Lavorare per una società straniera: ecco come muoversi

Cosa occorre sapere per la posizione previdenziale, assicurativa e per il fisco. Aprendo una partita Iva la situazione è più complessa

di Daniele Rubini e Davide Manzelli -

21 maggio 2018, 17:51

Lavorare per una società straniera: ecco come muoversi

Il quesito: Mi hanno offerto di lavorare da casa per una società con sede in Polonia e nessuno stabilimento in Italia. Sono costretto ad aprire una partita IVA o possono assumermi come dipendente?
P.F.


La mancanza di una stabile organizzazione o di un ufficio di rappresentanza in Italia da parte della Società Polacca non impedisce la stipula di un contratto di lavoro subordinato.

La società straniera, tra gli altri adempimenti posti a suo carico, dovrà (direttamente o per il tramite di un rappresentante previdenziale) aprire un’apposita posizione previdenziale ed assicurativa in Italia, calcolare sulla retribuzione corrisposta i contributi previdenziali e assistenziali dovuti in base alla normativa Italiana e versarli alle scadenze ordinarie; dovrà altresì provvedere alla predisposizione ed alla tenuta del Libro Unico del Lavoro (busta paga) ed adempiere a tutti gli obblighi conseguenti, come un normale datore di lavoro «Italiano».

Non potendo però assumere tale soggetto le vesti di «sostituto d’imposta» la retribuzione verrà corrisposta senza applicare alcuna ritenuta fiscale ed il  lavoratore dovrà presentare annualmente la dichiarazione dei redditi al fine di determinare e versare in autonomia le imposte dovute sui redditi percepiti.

Nel caso in cui invece si intendesse percorrere la strada di apertura della partita Iva occorrerà innanzitutto fare un’attenta e complessiva valutazione della propria situazione per scegliere il regime contabile e conseguentemente fiscale, più conveniente, da applicare.

Attualmente infatti è possibile scegliere tra: regime forfettario; regime di contabilità semplificata; regime ordinario «non IRI»; regime ordinario «IRI».
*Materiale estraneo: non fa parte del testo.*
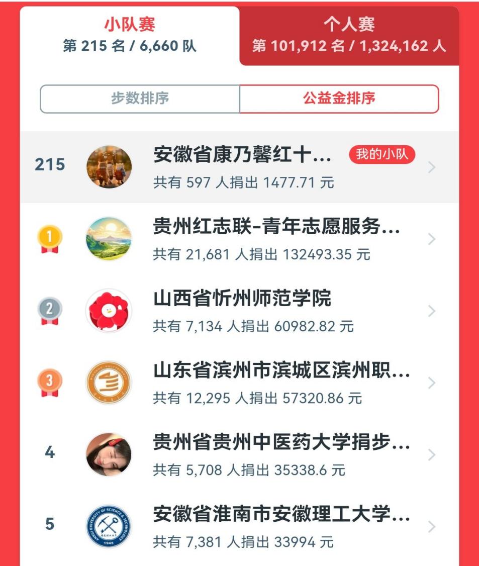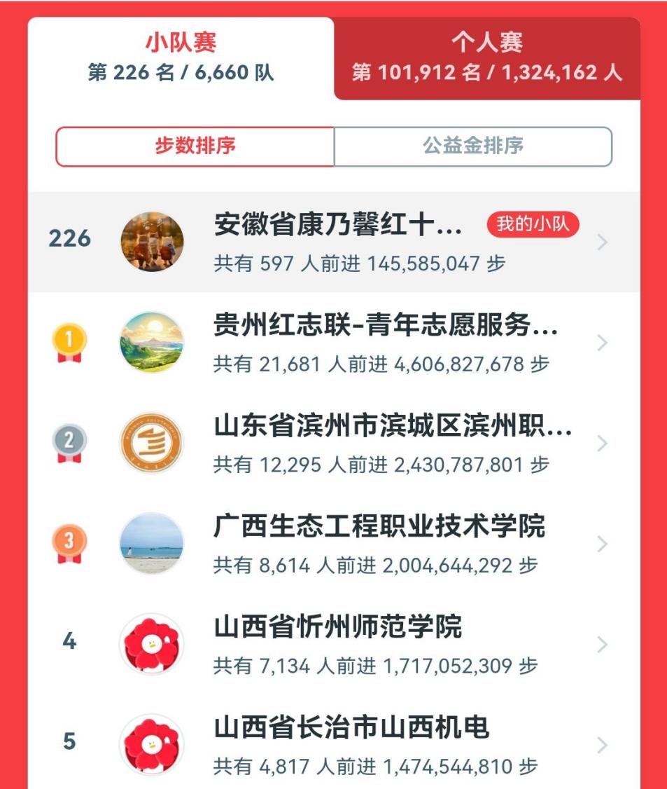 为近600位参加公益项目的小伙伴们点赞!累计走出逾1亿4500万步,成功捐出1477.71元善款。每一步都是对“人道、博爱、奉献”红十字精神的践行,每一步都是对社会责任的担当!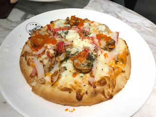千島醬蟹捧蟹子帆立貝薄餅 $68 Pizza大約六吋左右,原身餅底,面層舖滿海鮮料,賣相非常吸引。熱辣辣,芝士半融,帆立貝都幾新鮮,仲有蟹子、蟹柳等,味道不錯。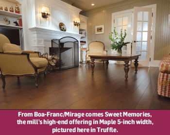 Boa-Franc/MirageSweet Memories is available in engineered maple 5-inch width, with a cashmere low luster finish in three colors (Toffee, Truffle and Earl Grey).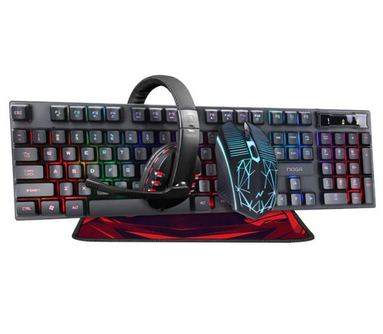 KIT TECLADO MOUSE USB+PADMOUSE+AURICULAR 2X3.5.MM NOGANET NKB-407 4EN1 BOX
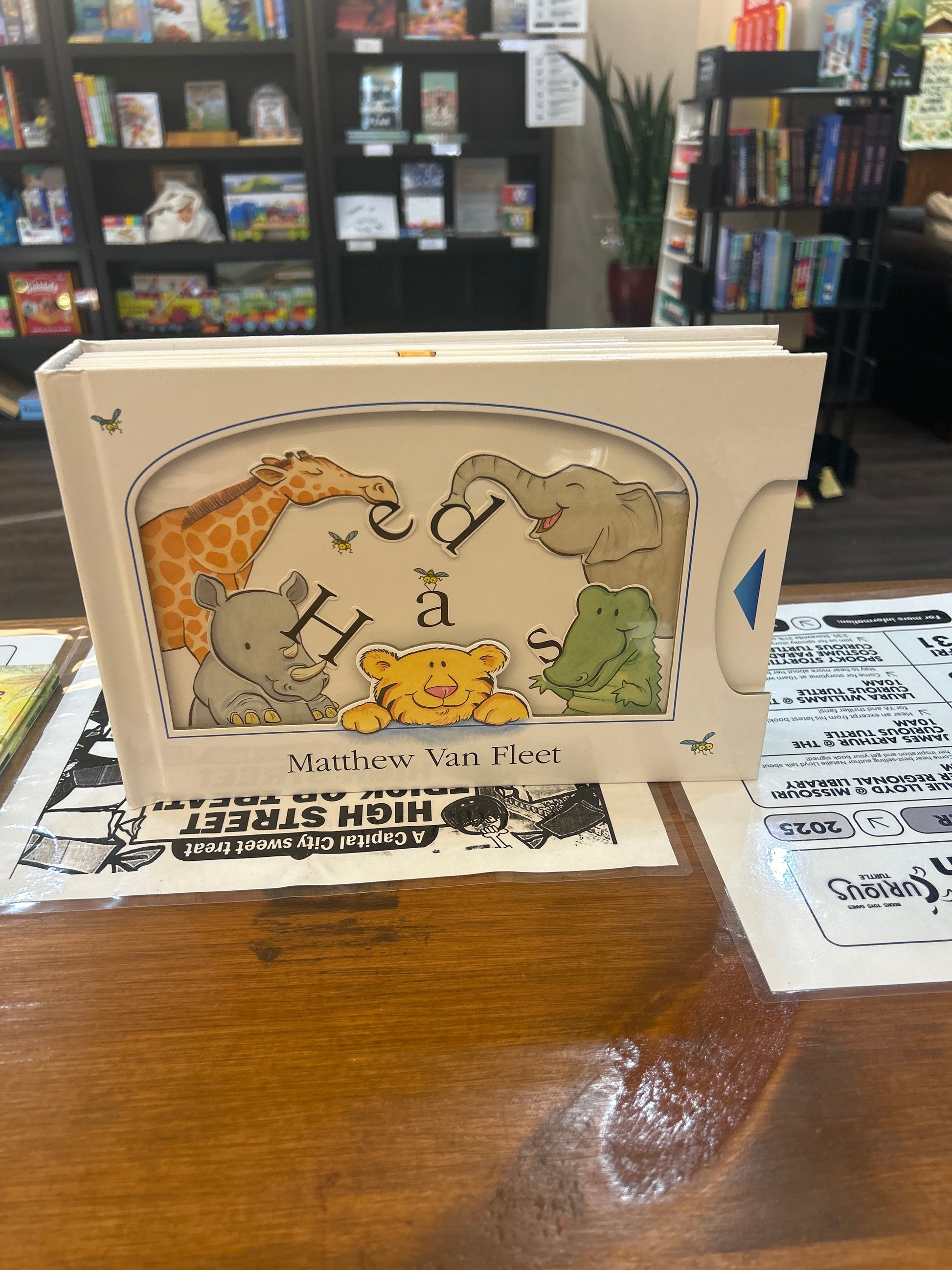 It features interactive pull-tabs, touch-and-feel textures, and a fold-out finale, designed to engage toddlers and young children as they explore animal “heads,” opposites and actions.

Il regime forfettario è un regime naturale , possedendone i requisiti si applica di default, mentre gli altri sono regimi obbligatori in presenza di determinati parametri (regime ordinario),oppure regimi che possono essere scelti su opzione. In genere la scelta avviene per comportamento concludente e comunicazione «ex post» nella dichiarazione relativa al primo anno in cui si effettua la scelta; ma la valutazione del regime da applicare deve essere effettuata al momento dell’inizio dell’attività in quanto i differenti regimi hanno obblighi ei comportamenti differenti da tenere.